• AIM OF THE TASK:
Give the data again exactly as written, without any of its pictures.
** DATA SHOWN follows **
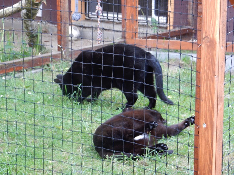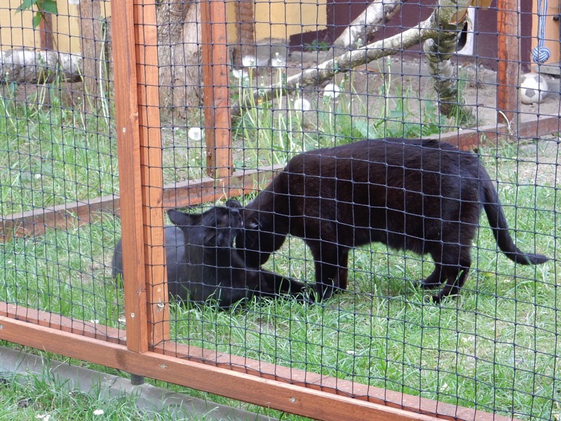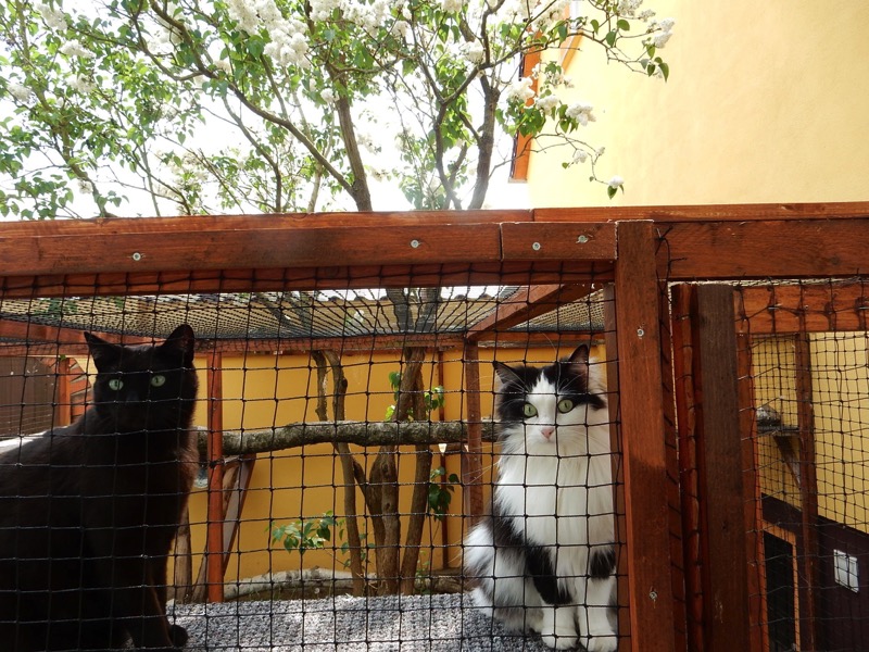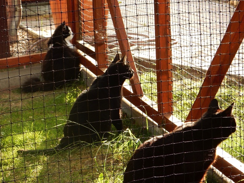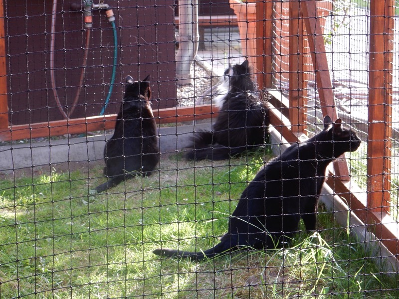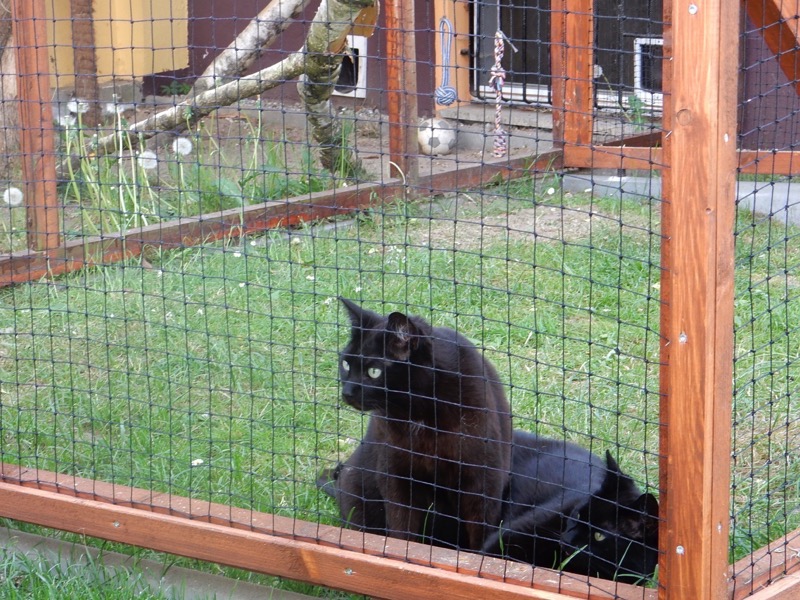 Also wir drei finden es gelungen und hatten schon Viel Spass im neuen Auslauf. Jetzt wo es wärmer wird ist das genau das richtige für uns drei Fellnasen,im Gras rum toben,auf dem Laufsteg rum liegen und schlafen ,das ist doch einfach toll!
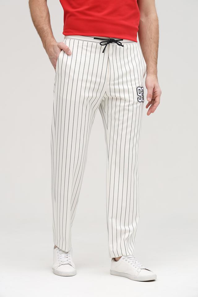Спортивные брюки Hugo белого цвета с вертикальными полосками и номером 93 — стильное и комфортное решение для активного образа жизни. Модель выполнена из сочетания полиэстера, вискозы и эластана, обеспечивающего удобную посадку и свободу движений. Состав: полиэстер 67%, вискоза 29%, эластан 4%
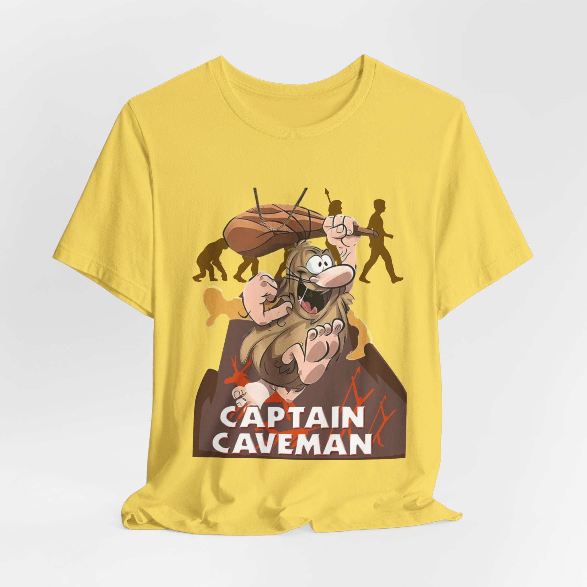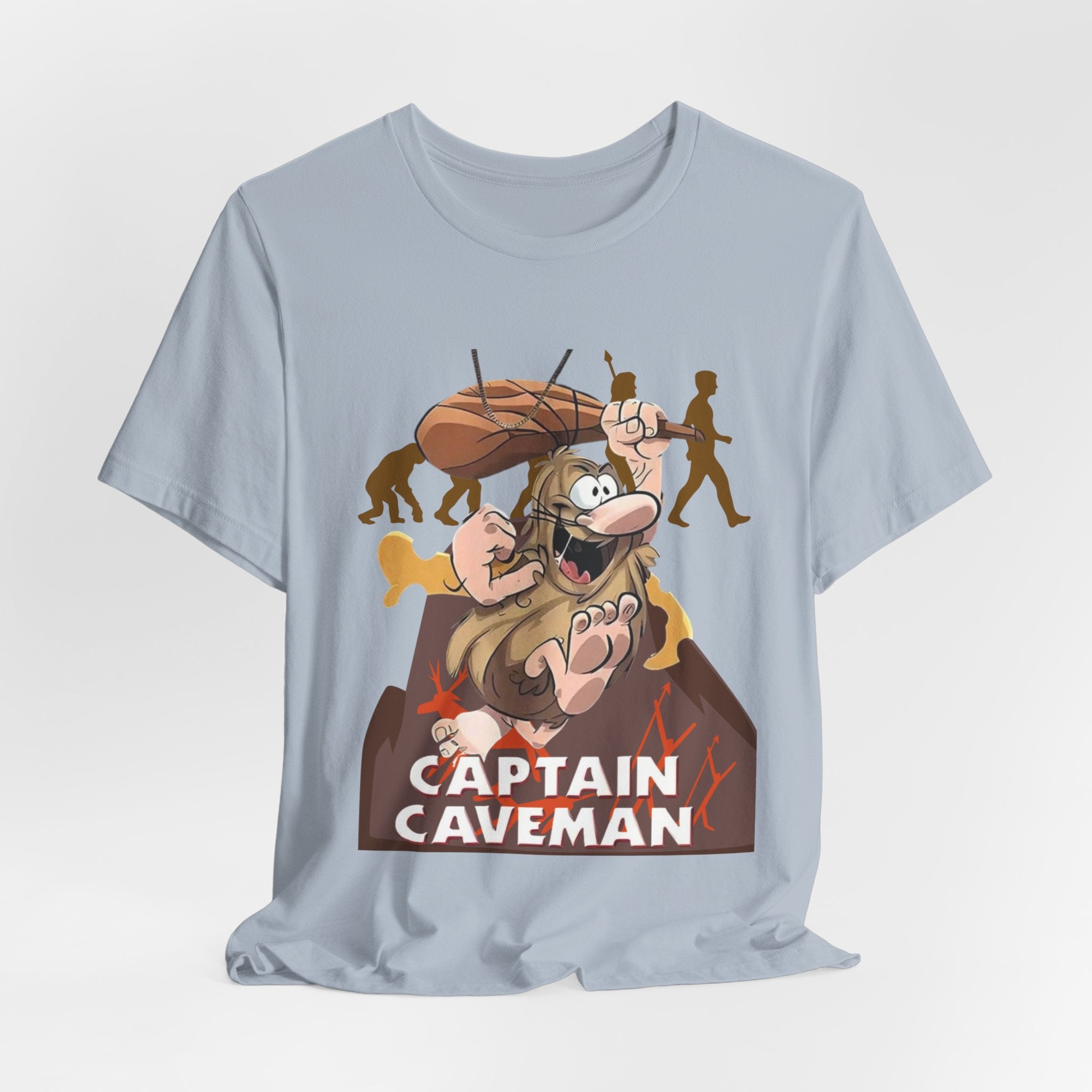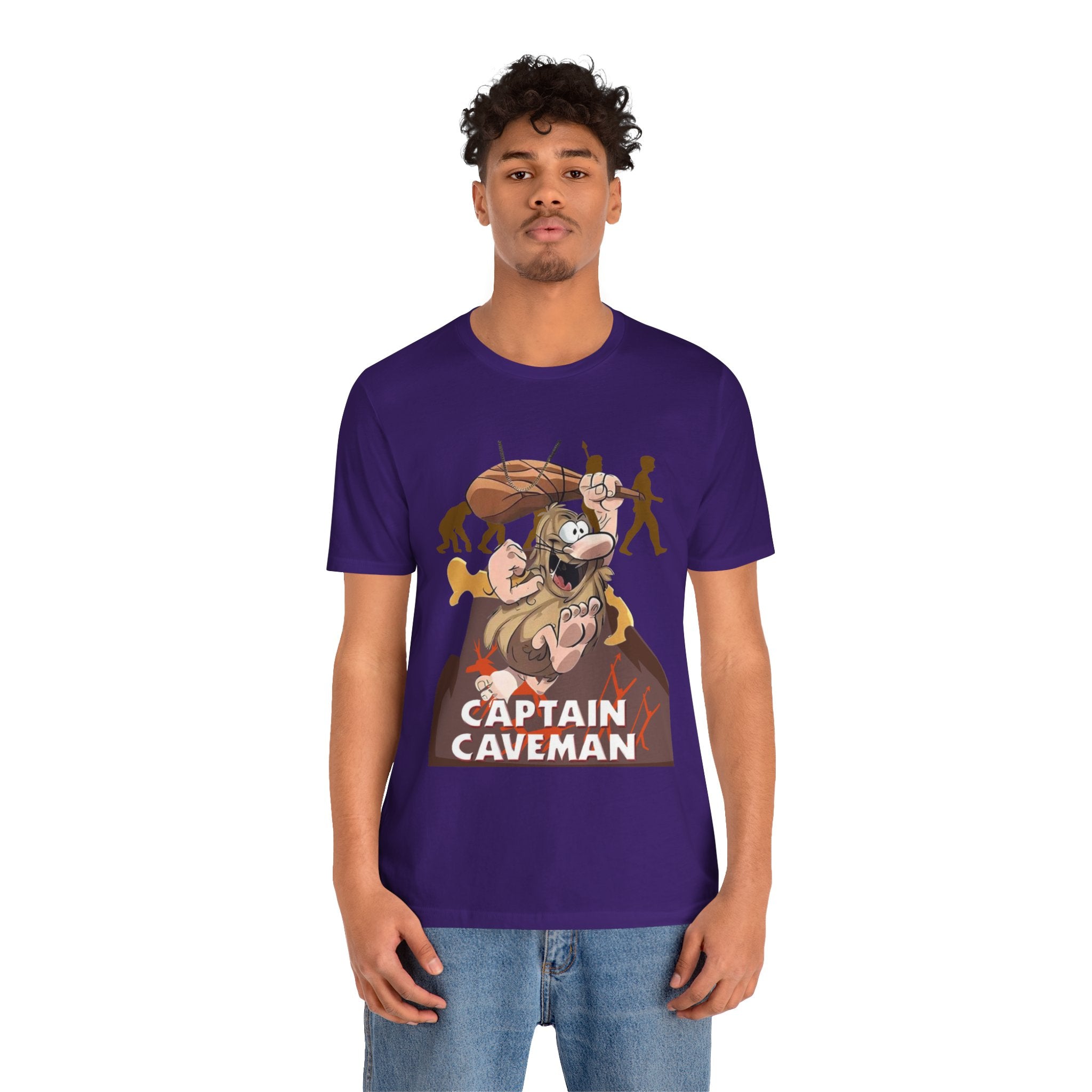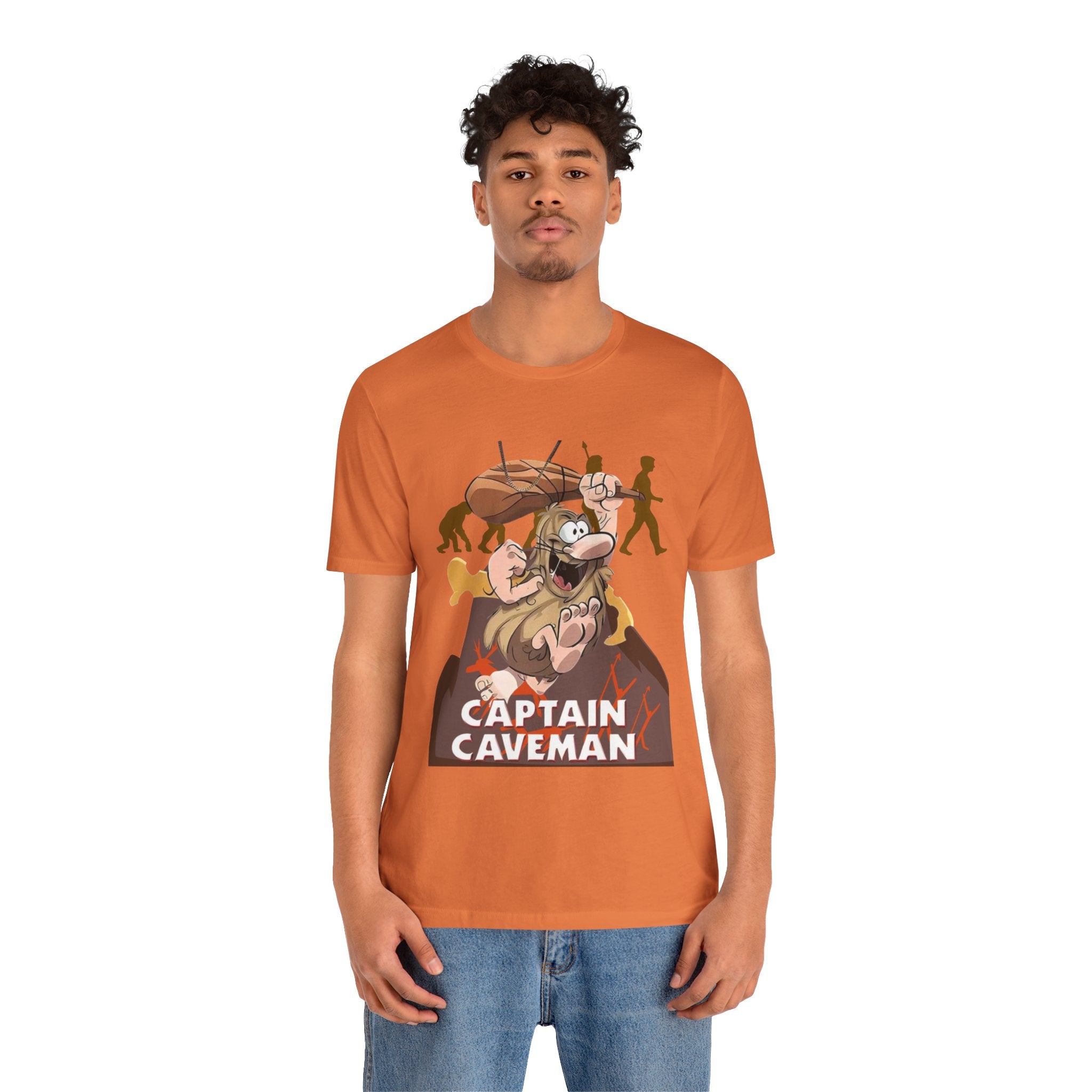 • Funny Captain Caveman Cartoon Character Tee, Casual Graphic Shirt, Gift for Men & Women
** End of DATA SHOWN **
• RESULT FOR THIS TASK:
 Also wir drei finden es gelungen und hatten schon Viel Spass im neuen Auslauf. Jetzt wo es wärmer wird ist das genau das richtige für uns drei Fellnasen,im Gras rum toben,auf dem Laufsteg rum liegen und schlafen ,das ist doch einfach toll!
Спортивные брюки Hugo белого цвета с вертикальными полосками и номером 93 — стильное и комфортное решение для активного образа жизни. Модель выполнена из сочетания полиэстера, вискозы и эластана, обеспечивающего удобную посадку и свободу движений. Состав: полиэстер 67%, вискоза 29%, эластан 4%
 • Funny Captain Caveman Cartoon Character Tee, Casual Graphic Shirt, Gift for Men & Women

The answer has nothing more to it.